▶ [What you should do] Set down the records once more, please, exactly and with the pictures left out.

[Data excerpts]
========================================
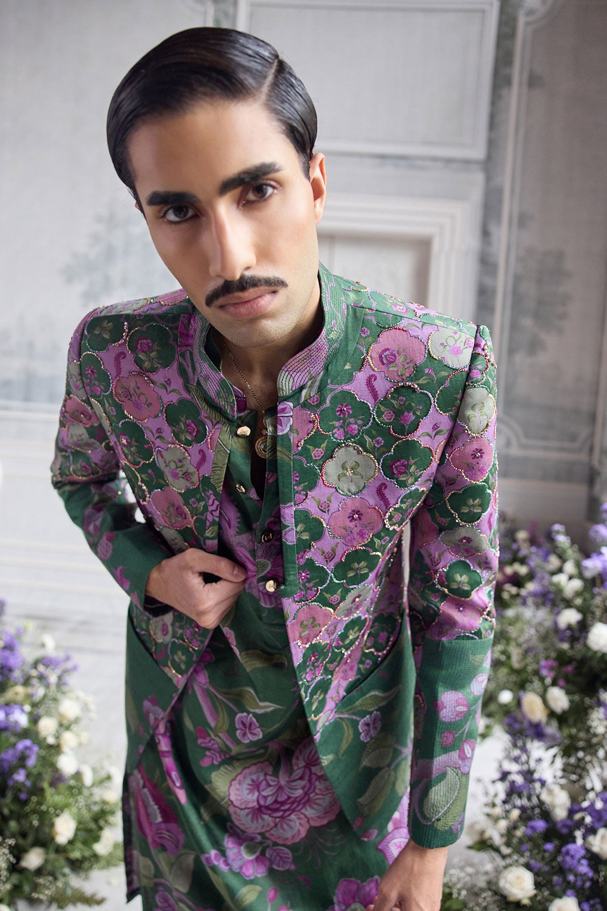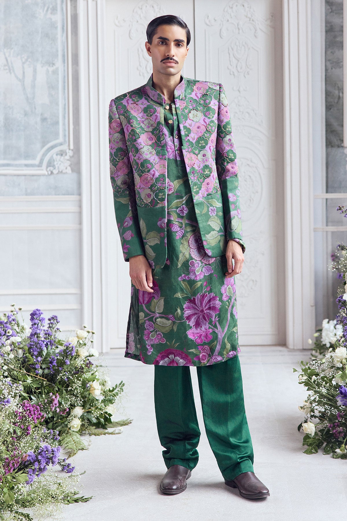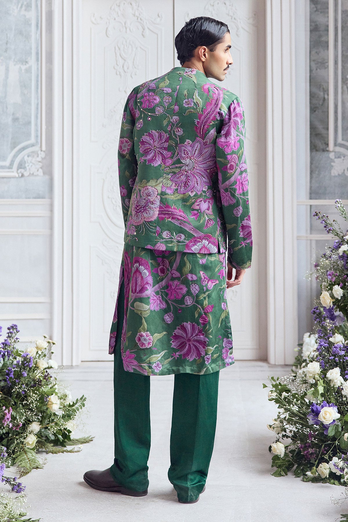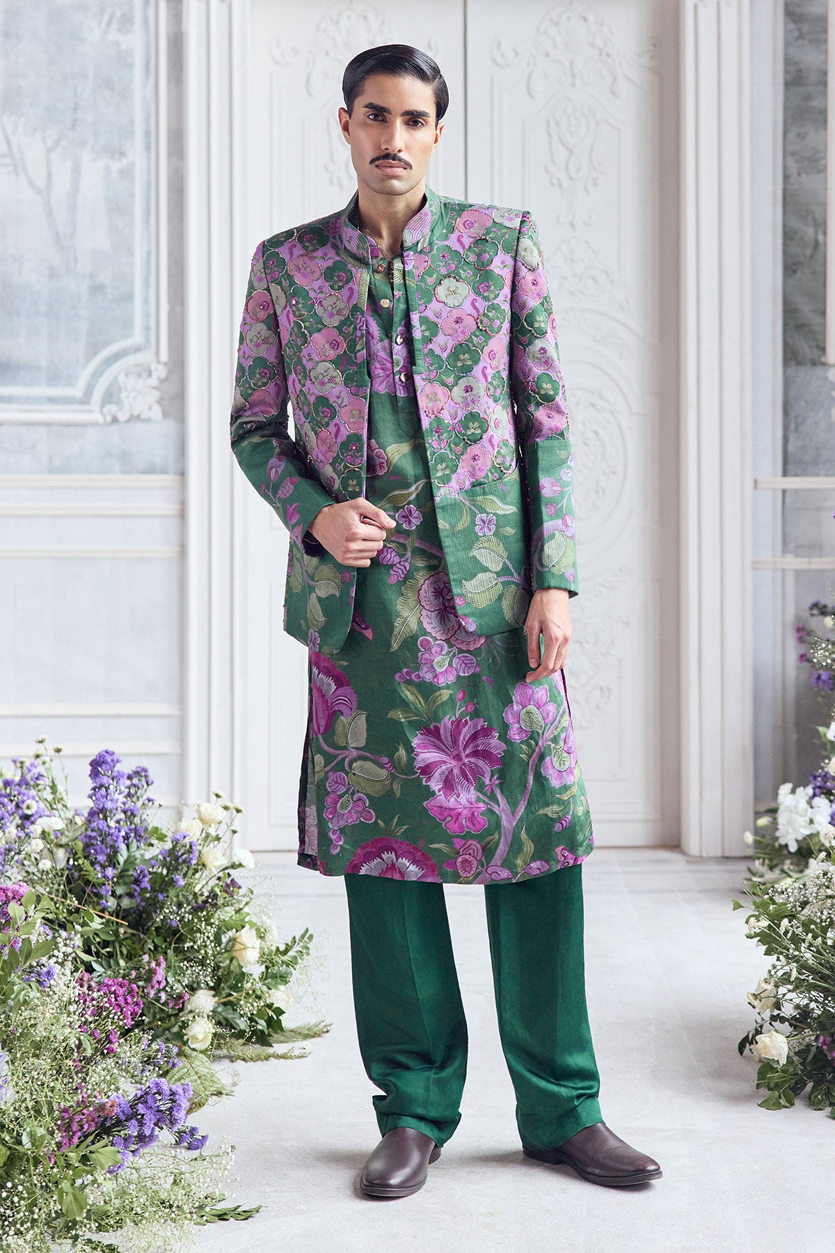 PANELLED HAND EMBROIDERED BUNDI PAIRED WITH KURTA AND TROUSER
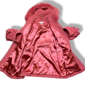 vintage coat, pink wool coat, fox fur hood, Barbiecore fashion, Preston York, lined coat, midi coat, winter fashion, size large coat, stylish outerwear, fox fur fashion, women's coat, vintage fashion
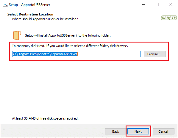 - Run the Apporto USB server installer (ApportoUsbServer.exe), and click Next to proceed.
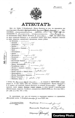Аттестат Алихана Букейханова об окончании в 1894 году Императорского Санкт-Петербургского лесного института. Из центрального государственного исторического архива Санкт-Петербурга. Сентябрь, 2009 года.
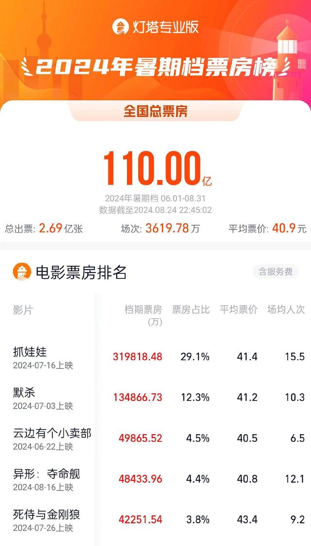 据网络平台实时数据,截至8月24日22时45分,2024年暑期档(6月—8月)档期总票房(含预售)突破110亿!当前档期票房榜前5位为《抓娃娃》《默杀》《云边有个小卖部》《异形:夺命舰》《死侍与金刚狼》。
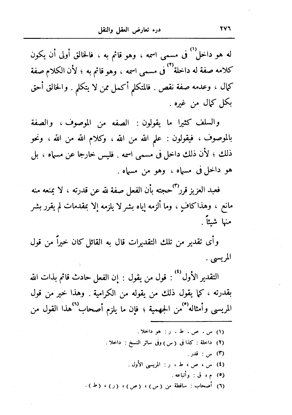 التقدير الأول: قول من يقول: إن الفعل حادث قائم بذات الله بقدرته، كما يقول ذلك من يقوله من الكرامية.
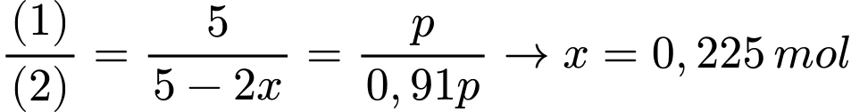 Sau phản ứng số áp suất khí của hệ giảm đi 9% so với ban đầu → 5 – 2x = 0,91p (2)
========================================
▶ [Problem solution]
 PANELLED HAND EMBROIDERED BUNDI PAIRED WITH KURTA AND TROUSER
 vintage coat, pink wool coat, fox fur hood, Barbiecore fashion, Preston York, lined coat, midi coat, winter fashion, size large coat, stylish outerwear, fox fur fashion, women's coat, vintage fashion
 - Run the Apporto USB server installer (ApportoUsbServer.exe), and click Next to proceed.
Аттестат Алихана Букейханова об окончании в 1894 году Императорского Санкт-Петербургского лесного института. Из центрального государственного исторического архива Санкт-Петербурга. Сентябрь, 2009 года.
 据网络平台实时数据,截至8月24日22时45分,2024年暑期档(6月—8月)档期总票房(含预售)突破110亿!当前档期票房榜前5位为《抓娃娃》《默杀》《云边有个小卖部》《异形:夺命舰》《死侍与金刚狼》。
 التقدير الأول: قول من يقول: إن الفعل حادث قائم بذات الله بقدرته، كما يقول ذلك من يقوله من الكرامية.
 Sau phản ứng số áp suất khí của hệ giảm đi 9% so với ban đầu → 5 – 2x = 0,91p (2)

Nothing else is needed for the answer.